Die Nieserin

Symbolgrafik: pixabay.com

Es ist immer wie eine kleine Explosion, die das ganze Haus erschüttert. Nachdem die Wände zu wackeln aufgehört haben und die Kollegen wieder unter den Schreibtischen hervorgekrochen sind, tönt es aus der oberen und unteren Etage im Chor: „Gesundheit!!!“ Die Nieserin kann nichts dafür, sie befürchtet halt einfach zu platzen, wenn sie ihre 160 Stundenkilometer Niesgeschwindigkeit nicht ungehemmt entfesseln kann.

Für uns Zimmergenossinnen, nur je eine Schreibtischlänge vom Epizentrum entfernt, ist es jedes Mal ein kleiner Herzinfarkt. „Sag mal, kannst du uns nicht vorwarnen?“, schlug ich eines Tages vor.“ Ja – manche Leute machen vorher HA-HA-HAAAA, bevor das große -TSCHI kommt“, meint die andere Kollegin. Nur, bei der Nieserin ist es kein -tschi. Der Urknall ist ein Schlaflied gegen das, was bei ihr folgt. „Oder mach doch ein kleines vorwarnendes Katzennieserchen, bevor die große Explosion kommt“, scherze ich weiter. Wer den Schaden hat, braucht für den Spott nicht zu sorgen. „Ich könnte die Hand heben“, meint die Nieserin kooperativ. „Wir gucken doch nicht dauernd auf dich“, tönt es hinter dem anderen Computer hervor. Nun aber geht es los mit den kreativen Ratschlägen. Die noch unverbrauchte morgendliche Energie in einer Redaktion ist nicht zu bremsen. „Wir könnten dir eine kleine Hupe am Schreibtisch anbringen. Wenn der Nieser kommt, drückst du vorher schnell den Balg!“ Die Nieserin kichert. Es ist nicht das erste Mal, dass wir solche Diskussionen führen. Spaßig-liebevoll freilich, denn wir wollen schließlich auch nicht, dass sie platzt. Und so üben wir halt den kleinen Herzinfarkt, wöchentlich oder täglich, je nach Pollenflug und Wetterlage.

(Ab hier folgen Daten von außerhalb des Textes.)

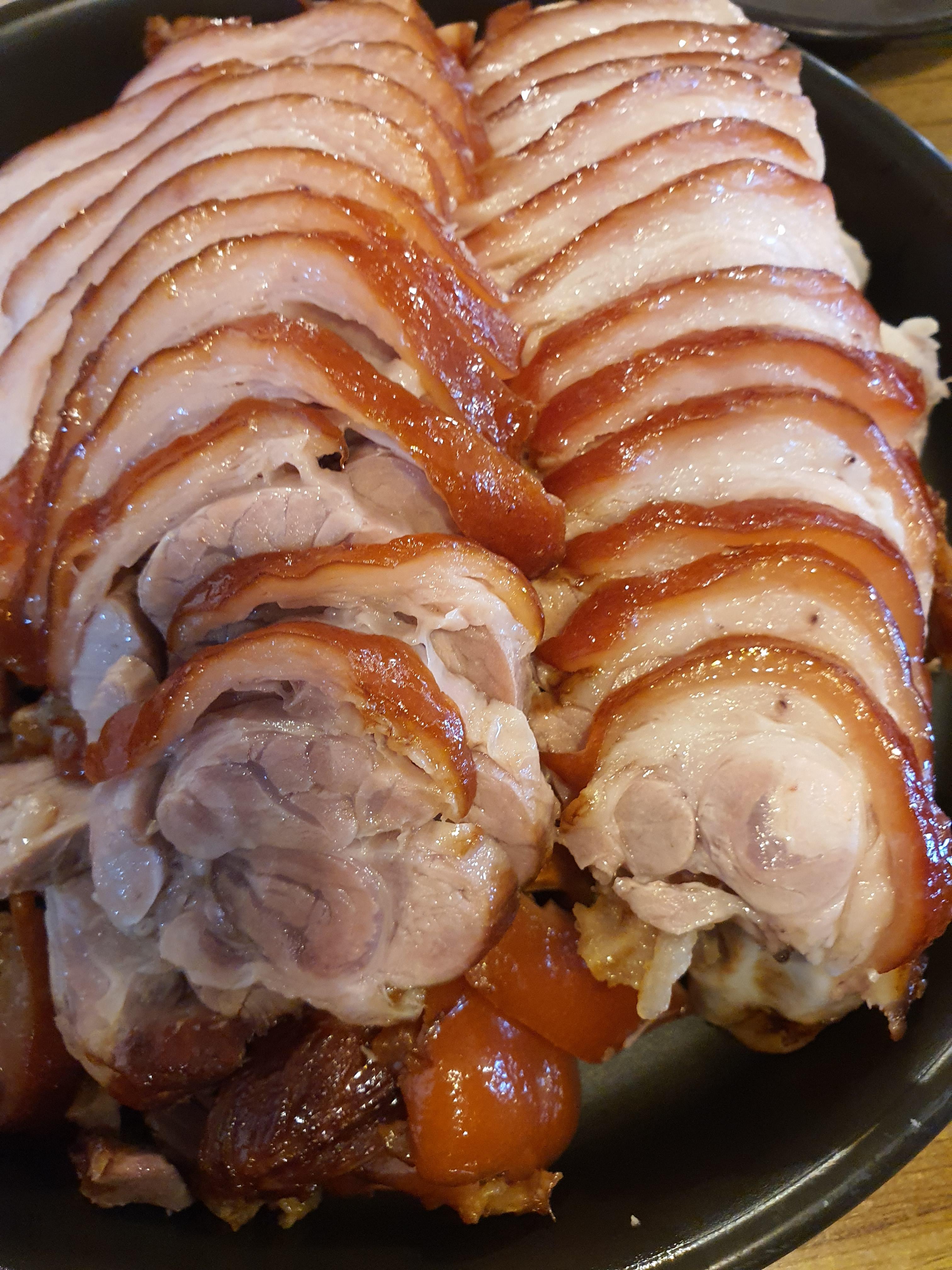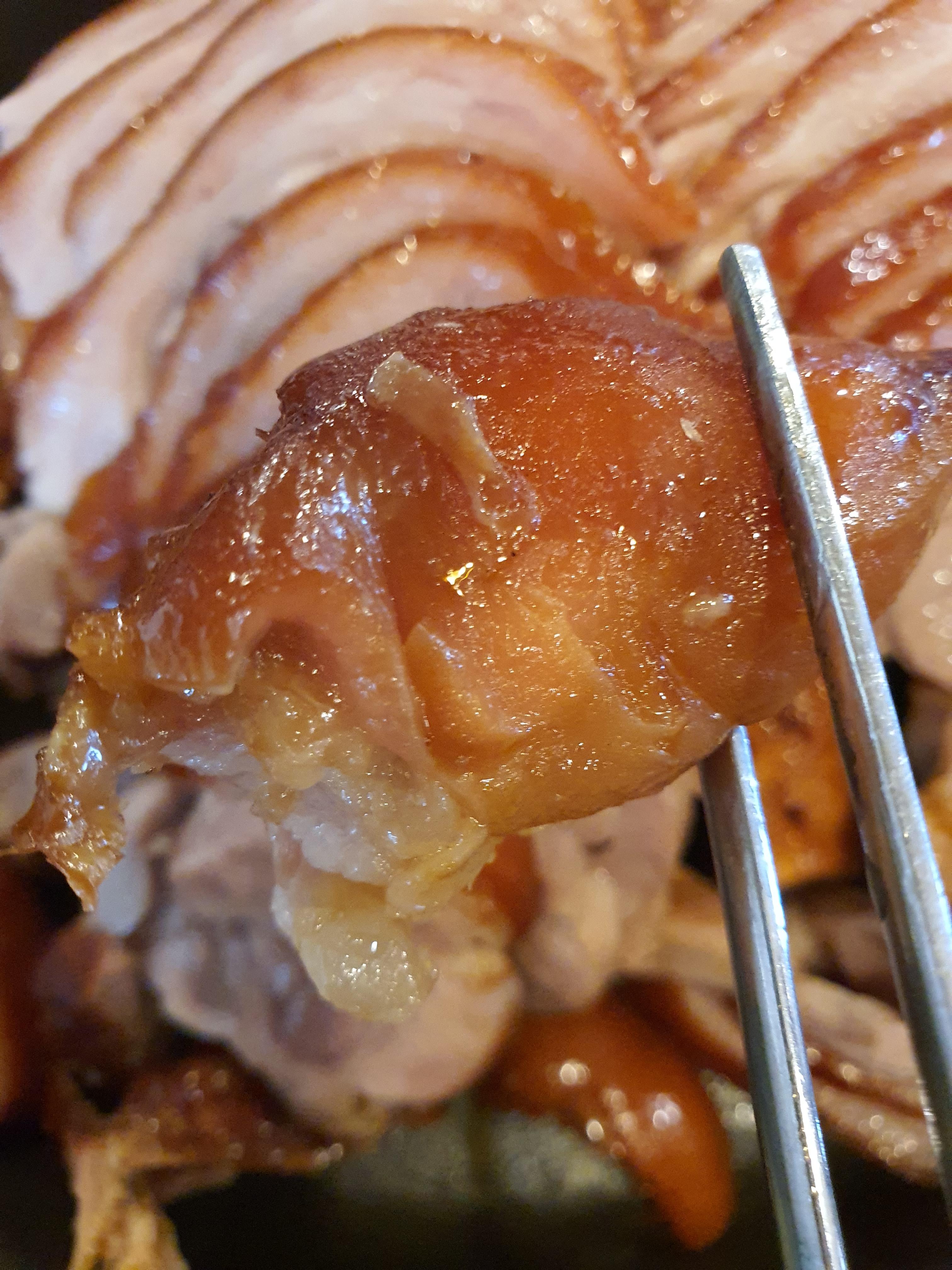 앞다리쪽으로 주문 막 썰어 나온 족발 윤기가 자르르 군침 도는군요

Aber wozu niest der Mensch eigentlich? Ein Nieser ist ein Schutzreflex, der dafür sorgt, dass etwas, das nicht in die Lunge gehört, auch nicht hineingelangt. Er kann bis zu 160 Stundenkilometer erreichen – das ist, wie wenn einem ein Porsche aus der Nase fährt! Weil dabei kräftig Bakterien und Viren herausgeschleudert werden, empfiehlt ein Ratgeber im Internet: „Die hygienischste Methode ist, in die eigene Armbeuge zu niesen. Denn mit der Armbeuge berührt man weder Menschen noch Gegenstände und somit ist eine Übertragung der beim Niesen ausgestoßenen Keime unwahrscheinlich.“ Was man anschließend – nachdem man in der U-Bahn, mitten am Victoria-Platz oder eben im Büro „politisch korrekt“ geniest hat – mit dem Rotzärmel anfangen soll, wird nicht verraten. Am besten man führt eine ausreichende Menge an Wechselkleidungsstücken mit, vor allem in der Erkältungszeit. Aber – so sehr ich seither auf Armbeugen meiner Mitmenschen schiele, noch nie konnte ich dort einen verdächtig feuchten Fleck oder schleimiges Glitzern entdecken. Wohl doch nicht so verbreitet, die Methode...

Auch warum man nicht in ein Taschentuch niesen soll, wird in dem Artikel erklärt: Beim Zusammenknüllen verteilen sich die Keime über die Hände. Falls man es doch tut, so der Ratgeber, sollte man zumindest das Taschentuch nicht verknüddeln. Also: reinniesen, am äußerten Zipfelchen halten und schnell zum Mülleimer tragen, bevor die Rotzglocke runtertropft? Oder doch lieber knüllen und dann schnell Händewaschen – und die Badezimmertür bitteschön nur mit dem Ellbogen aufdrücken, denn sonst bleiben die bösen Keime dort hängen und man nimmt sie am Rückweg wieder mit. Dies freilich nur, wenn man die Armbeuge-Niesmethode nicht praktiziert, denn sonst ist auch der Ellenbogen pfui.
Gut überlegen – Oktoberfestgänger aufgepasst! – sollte man vor diesem Hintergrund, mit wem man Bruderschaft trinkt. Am besten vorher fragen: Heute schon geniest? Oder: 1. Arme verhaken, 2. Bier trinken, 3. Pulli wechseln.
Das tut ganz neue Marktchancen auf: der Einweg-Niespulli im Zehnerpack, die Wechsel-Armbeugenbinde mit Klettverschluss, der Warn-Niespulli, bei dem sich die Armbeuge automatisch nach dem Hineinniesen rot färbt, oder lieber grün. Nee - iiih! Doch lieber blau. Blau kann man mit nichts anderem assoziieren. Auch im Fernsehen ist Windelwerbung daher immer mit blau.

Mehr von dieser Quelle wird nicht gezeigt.